A web site that has offered a
platform for republicans
opposed to Sinn Féin's
involvement in the peace
process will log off this
evening (Sunday), seven years and 25m
"hits" after it was launched.
The demise of The Blanket,
named after the five-year
protest by the Provisional IRA
in the Maze prison during the
1970s and 1980s, is likely to be
welcomed by Gerry Adams, the
Sinn Féin president, and his
inner circle.
The site, set up in 2001 by
Anthony McIntyre, a former
IRA prisoner, and Carrie
Twomey, his American-born
wife, had proved a thorn in the
side of the Sinn Féin party
leadership.
Described as "a journal of
protest and dissent", it served
as a space where various
dissident groups tried – but
failed – to find a way forward
for the divided strands of
republicanism that opposed the
Good Friday agreement.
Twomey has said the site
proved so controversial that the
couple's home had been
picketed by Sinn Féin and the
family were threatened by the
Provisional IRA.
The decision to close it was
taken because of time pressures
on the McIntyres, who recently
moved with their two young
children from Belfast to
the republic. The success of
the peace process was also a
factor.
When McIntyre, who served
18 years in jail for the murder
of a Ulster Volunteer Force
member, and his wife created
the site, they declared its
purpose was to protect freedom
of speech from what they
claimed was an attempt by the
Provisionals to crush opposition
to Sinn Féin.
McIntyre was released from
jail in 1992, having spent
several years on The Blanket
protest, which started in 1976
when the IRA prisoner Kieran
Nugent refused to wear a
prison uniform. It eventually
escalated to dirty protests and
hunger strikes.
In 1998, McIntyre resigned
from Sinn Féin in protest at its
endorsement of the Good
Friday agreement.
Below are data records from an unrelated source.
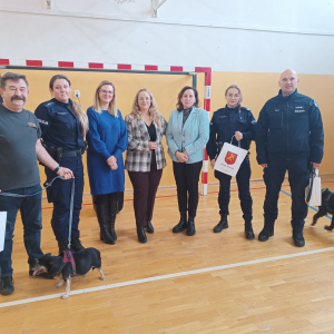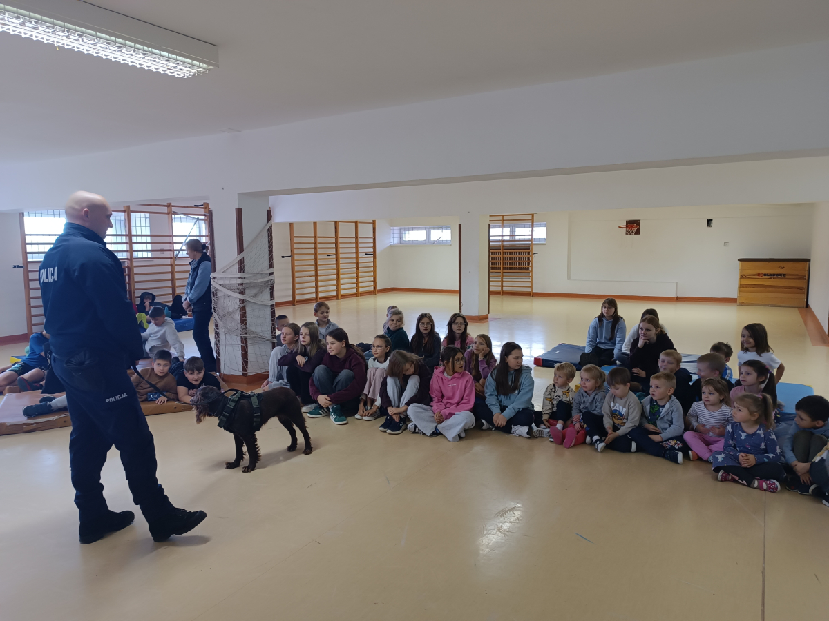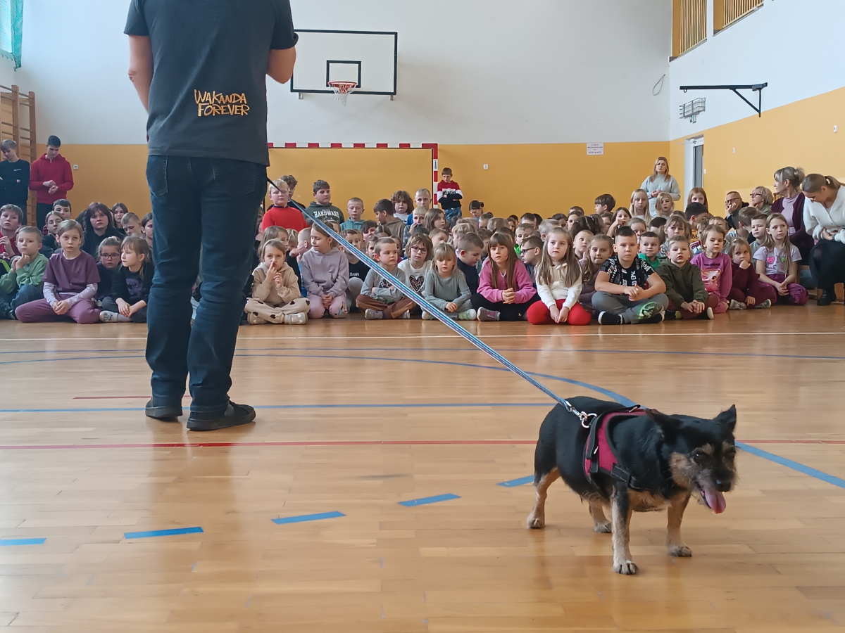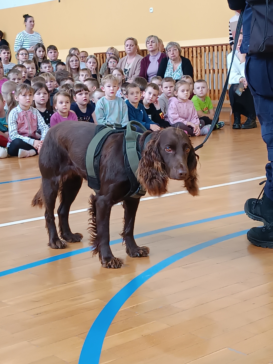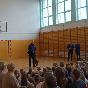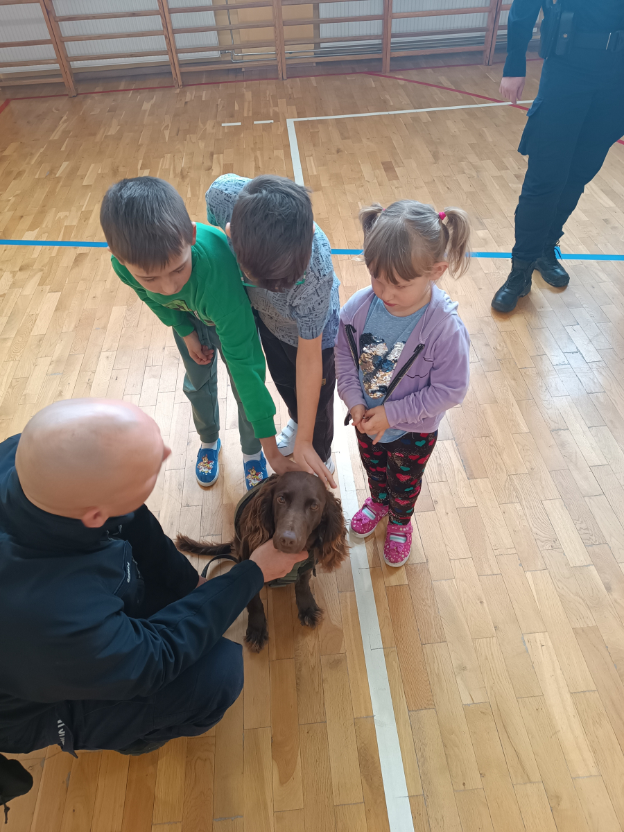 Dzisiejszego dnia Szkoła Podstawowa w Przerośli oraz Szkołę Podstawową w Pawłówce odwiedzili wyjątkowi goście – funkcjonariusze policji wraz z psem tropiącym Ajdo oraz przedstawiciel Fundacja Zwierzęta Niczyje Pan Kazimierz Walijewski również z pieskiem, Safoną. Policjanci opowiadali przede wszystkim o roli psów policyjnych. Dzieci z zainteresowaniem patrzyły jak Ajda reaguje na komendy swojego przewodnika. Pan Kazimierz opowiedział o zwierzętach, z którymi pracuje na co dzień i uświadomił nas jak bardzo jest potrzebny człowiek i jego dobre serce dla zwierząt. Podczas spotkania na ręce przedstawiciela fundacji została przekazana karma dla zwierząt, która została zebrana podczas zbiórki.
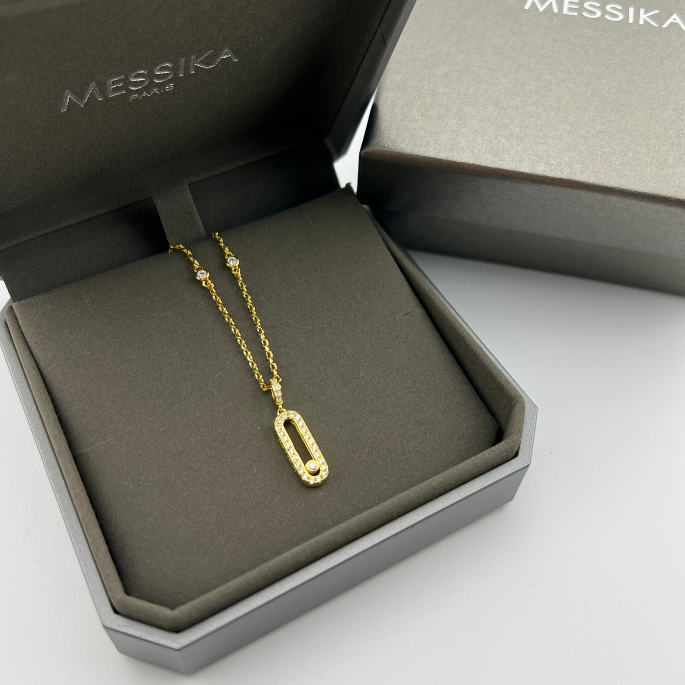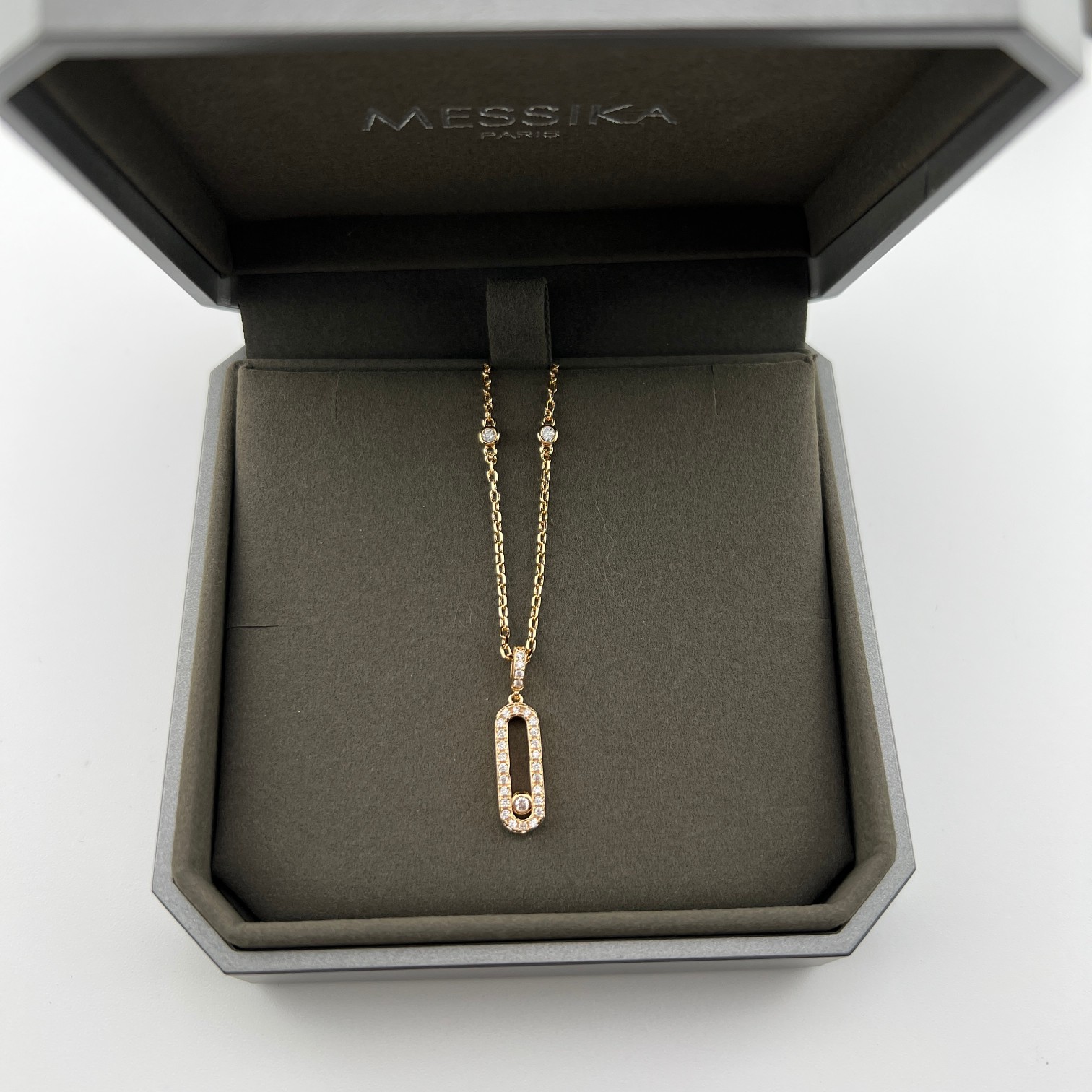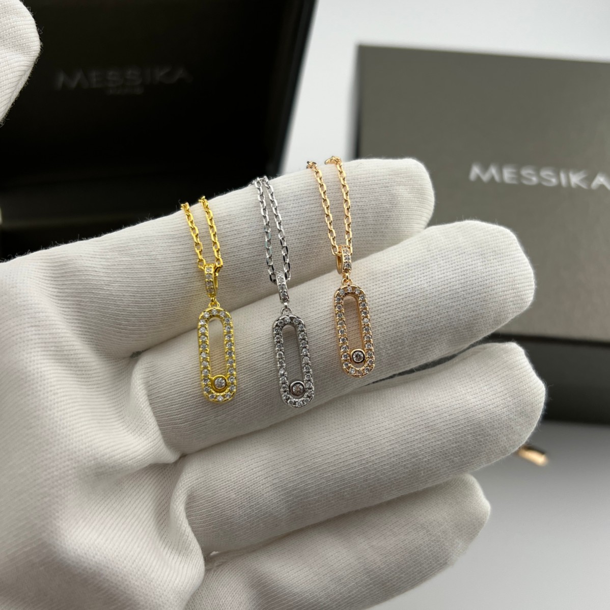 这款首饰是AAAAA 1:1 质量 (非常棒). 使用了和原版一模一样的材料. 商标部分也保持了和梅西卡/Messika一样. 图片拍摄是实物首饰拍摄, 您所收到的实物保证和我们图片一模一样.
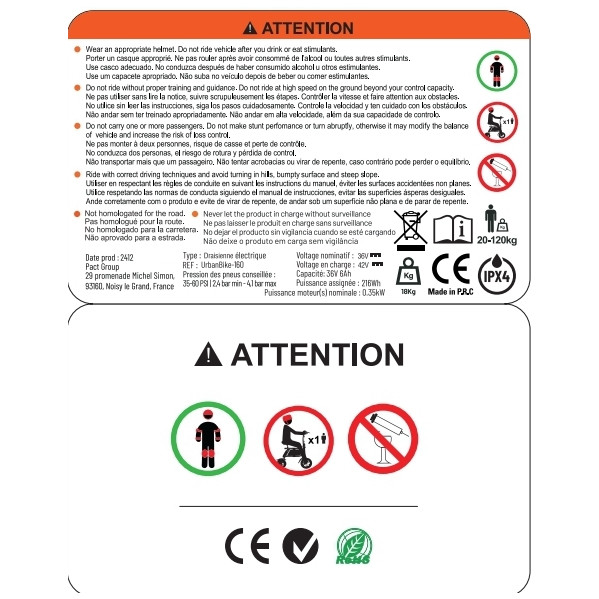 Le double système de freinage à disque assure un contrôle précis et progressif de la vitesse. L'éclairage LED améliore la visibilité, contribuant à une conduite plus sécurisée en conditions variées.
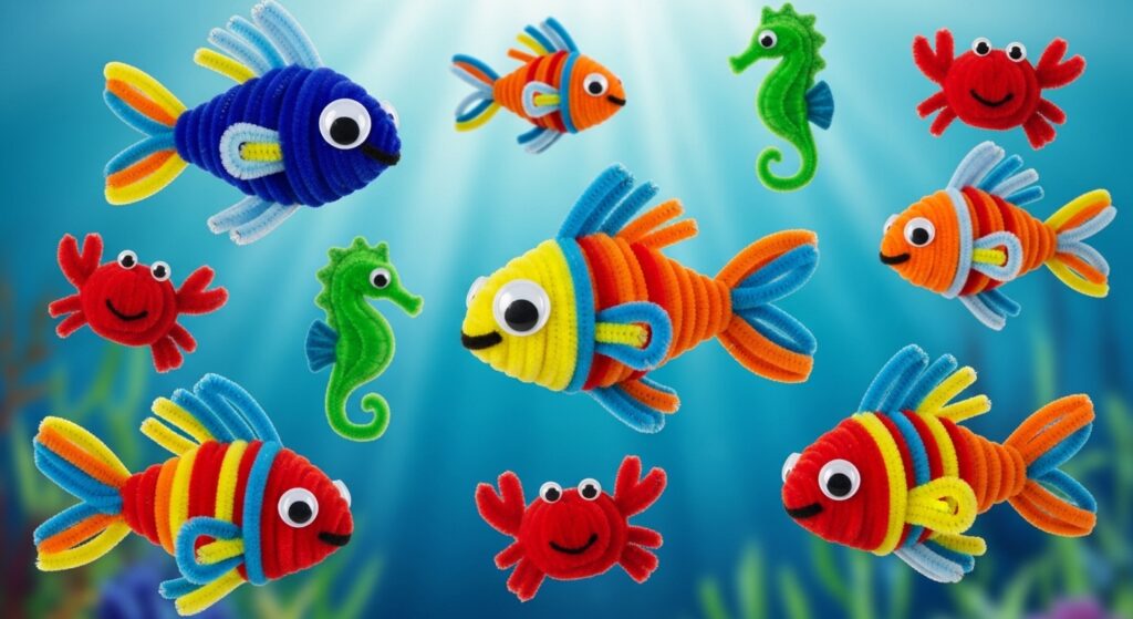 Create fish by forming oval body shapes, adding twisted fins and tails, and attaching googly eyes. Use bright tropical colors or realistic fish coloring. This ocean-themed craft supports marine biology lessons, teaches about aquatic life, and creates decorations for classroom aquarium themes or summer ocean unit studies.
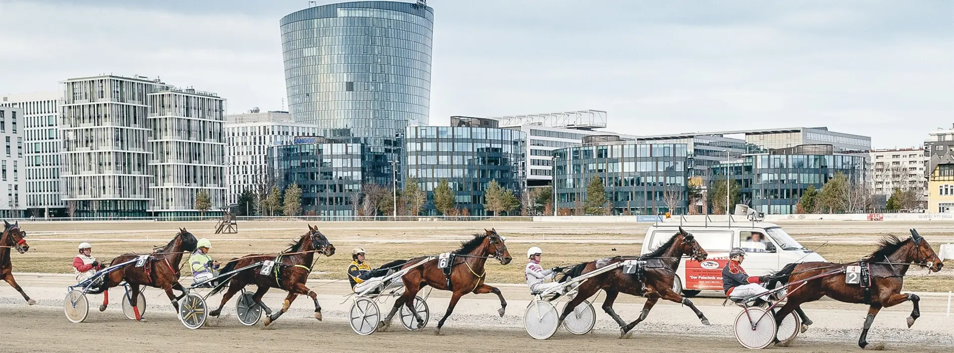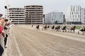 ギリギリに馬券を購入すると、「まもなく、次のレースがスタートします」というアナウンスがありました。外のコース近くに人が集まり混み合い、今までとは全く違った雰囲気に包まれます。コースの一方には、遠い過去の華やかな全盛期を彷彿させる歴史ある審判員の塔が建っています。その背後には、近年開発されたモダンなオフィスや住居が建つ2区の現代的な建物群が見えます。まもなく二輪馬車を曳く馬が大きな音を轟かせながら私たちの前を通過していきました。素人ではどの馬が最初にゴールラインを通過したか見分けがつかないスピードです。あちこちで歓声があがり、他からは大きなため息が聞こえてきます。観客の多くはすぐに馬券売り場のある建物の中に入って行きます・・・
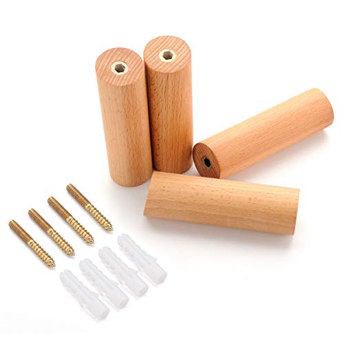 IVAILEX Set di 4 Naturale di Legno A Parete Montato Ganci, Legno Appendiabiti da Parete Cappello Bagno Spogliatoio Camera da Letto Cucina Legno di Faggio 10CM
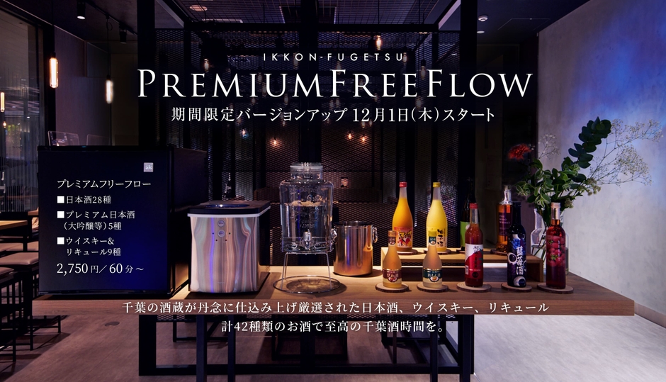 JR千葉駅ペリエ千葉内 日本酒プレミアムラウンジ「一献風月」で 千葉の酒蔵の厳選された日本酒、ウイスキー、果実リキュールが 飲み放題に新登場!12月1日(木)から期間限定で提供
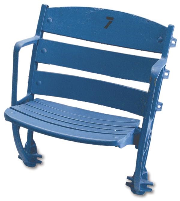 Painstakingly restored beauty was torn from its home when the renovations of the 1970's happened, but this vintage seat saw its share of Yankee glory in its time including the career of Mickey Mantle, himself. Number "7" on top slat is a perfect representation of this home grown American who came to NYC and tasted the greatest glory and tragedy. From the House that Mick rebuilt.
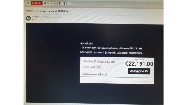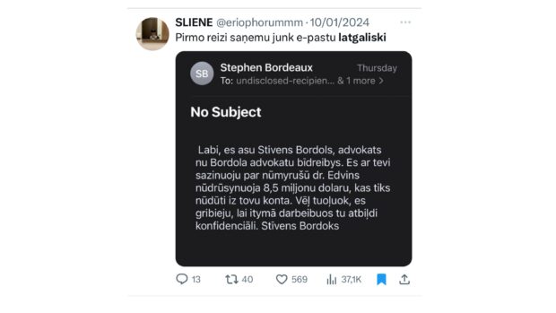 Ka runuot par kaidom pyrmajom lītom, 2024. godu varātu raudzeit īzeimēt kai pyrmuo spama voi pikšeriešonys (e-posta viests, kas sataiseitys tai, lai ruodeitūs, ka syuta oficialys īstuodis, tok mierkis ir izmuoneit naudys) latgaliski laiku. Janvarī Tviterī (voi platformā X – kai puorsaukta niu) lītuotuojs @eriophorummm publicieja viesti, ka pyrmū reizi sajiems spamu latgaliski – kaids advokats Stivens Bordols (kurs viestulis golā palyka par Bordoku) sasazynuoja par nazkaida dr. Edvina montuojumu. Kaida ir ituos viestulis volūdys kvalitate – nav augsta, bet reizē varātu saceit, ka lobuoka nakai piļneiga suocieja i latgalīšu volūdys nazynuotuoja raksteišona.
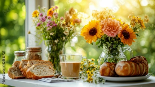 Sunny Morning Breakfast: Fresh Bread and Coffee
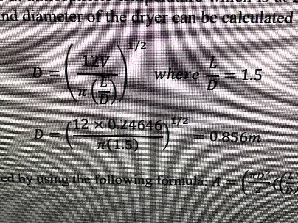 The discussion revolves around an equation for calculating the diameter of a dryer based on its volume and length/diameter ratio. Participants are exploring its validity, derivation, and dimensional consistency.
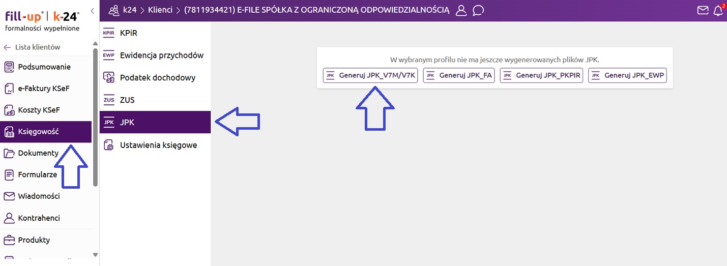Aplikacja k24 umożliwia wygenerowanie pliku JPK_V7M / JPK_V7K na podstawie dostępnych w programie faktur sprzedażowych oraz kosztowych (zarówno dostarczonych przez klienta, oraz wprowadzonych przez księgowego).
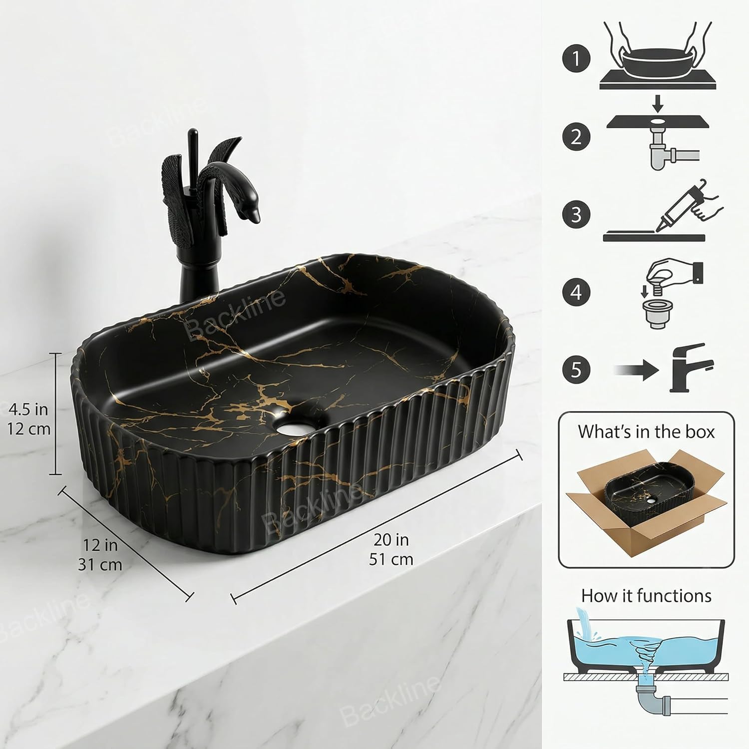 - The Table Top Basin has Easy Installation – Bathroom sink can be installed as Countertop sink, note: fitting bolt and waste and tap are not included.

Since then,
he has castigated the party's
leadership, while remaining
apart from any of the dissident
groups, and vehemently
opposing the continued use of
violence by groups such as the
Real IRA and Continuity IRA.
The Blanket has published
contributions from a wide
variety of authors, including
loyalists such as Davy Adams,
the former Ulster Democratic
party politician.
The Blanket can be found at
lark.phoblacht.net.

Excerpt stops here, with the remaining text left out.